Goldfish, even feeders are pretty smart. I have a friend with a single RBP and he fed his RBP a white/orange feeder out of the bunch and the piranha never ate it. We were guessing because this fish was white colored rather than the normal orange comet. After a couple days the white/orange goldfish started acting like a piranha, attacking the other regular orange feeders that got thrown in, hiding behind plants and then attacking... Eventually that goldfish got ate but I thought it was a cool story.

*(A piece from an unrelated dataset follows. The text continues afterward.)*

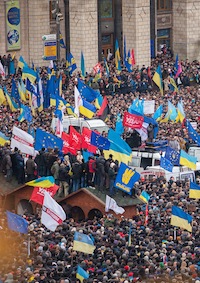 Euromaidan anti-government protests in Kiev, December 2013. (Credit: Nessa Gnatoush - Wikimedia)

Anyways I thought this thread was turning into a pissing match too.


----------



## beercandan (Nov 3, 2004)

i had a golfish grow up with my gachua they never ate him, i sold gachua but still have goldfish. hes about 6 inches at least now and runs my moms tank now.


----------



## moeplz (Feb 21, 2005)

TOTALLY SICK AND EXTREME DUDE! CAPSLOCK FOREVER!!!!!!

My goldfish would kick that things ass dude.

Peace I'm going to go get some Mountain Dew.


----------



## SLICKPULLAHO (Mar 9, 2006)

moeplz said:


> TOTALLY SICK AND EXTREME DUDE! CAPSLOCK FOREVER!!!!!!
> 
> My goldfish would kick that things ass dude.
> 
> Peace I'm going to go get some Mountain Dew.


LMFAOOOOOOOOOOOOOOOO


----------